*** Opening DATA LISTING ***

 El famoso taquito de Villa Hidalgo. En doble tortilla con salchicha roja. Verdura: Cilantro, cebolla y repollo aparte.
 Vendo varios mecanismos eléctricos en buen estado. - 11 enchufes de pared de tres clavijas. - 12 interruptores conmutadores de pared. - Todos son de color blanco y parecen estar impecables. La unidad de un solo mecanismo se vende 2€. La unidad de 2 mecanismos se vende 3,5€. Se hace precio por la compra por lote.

*** Closing DATA LISTING ***
*** Opening DATA LISTING ***

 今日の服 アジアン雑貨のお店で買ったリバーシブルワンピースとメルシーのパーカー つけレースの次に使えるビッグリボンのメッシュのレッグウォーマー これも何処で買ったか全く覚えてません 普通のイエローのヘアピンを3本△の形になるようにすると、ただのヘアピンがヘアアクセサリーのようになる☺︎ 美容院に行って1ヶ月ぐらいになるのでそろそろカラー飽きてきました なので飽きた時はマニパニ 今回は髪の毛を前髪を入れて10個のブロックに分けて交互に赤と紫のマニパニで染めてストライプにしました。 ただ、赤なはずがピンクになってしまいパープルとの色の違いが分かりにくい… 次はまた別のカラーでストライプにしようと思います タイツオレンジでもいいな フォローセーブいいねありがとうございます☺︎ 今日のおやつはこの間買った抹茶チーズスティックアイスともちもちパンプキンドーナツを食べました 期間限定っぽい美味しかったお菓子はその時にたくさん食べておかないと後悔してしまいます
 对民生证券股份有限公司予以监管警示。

*** Closing DATA LISTING ***
*** Opening DATA LISTING ***

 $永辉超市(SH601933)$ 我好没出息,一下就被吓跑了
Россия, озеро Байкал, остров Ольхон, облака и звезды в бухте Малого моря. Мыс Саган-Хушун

*** Closing DATA LISTING ***

YOUR GOAL:
One stretch of the lines above is wanted, from the line that contains "El famoso taquito" through the line that contains "Vendo varios mecanismos". Output it exactly.

EXERCISE SOLUTION:
 El famoso taquito de Villa Hidalgo. En doble tortilla con salchicha roja. Verdura: Cilantro, cebolla y repollo aparte.
 Vendo varios mecanismos eléctricos en buen estado. - 11 enchufes de pared de tres clavijas. - 12 interruptores conmutadores de pared. - Todos son de color blanco y parecen estar impecables. La unidad de un solo mecanismo se vende 2€. La unidad de 2 mecanismos se vende 3,5€. Se hace precio por la compra por lote.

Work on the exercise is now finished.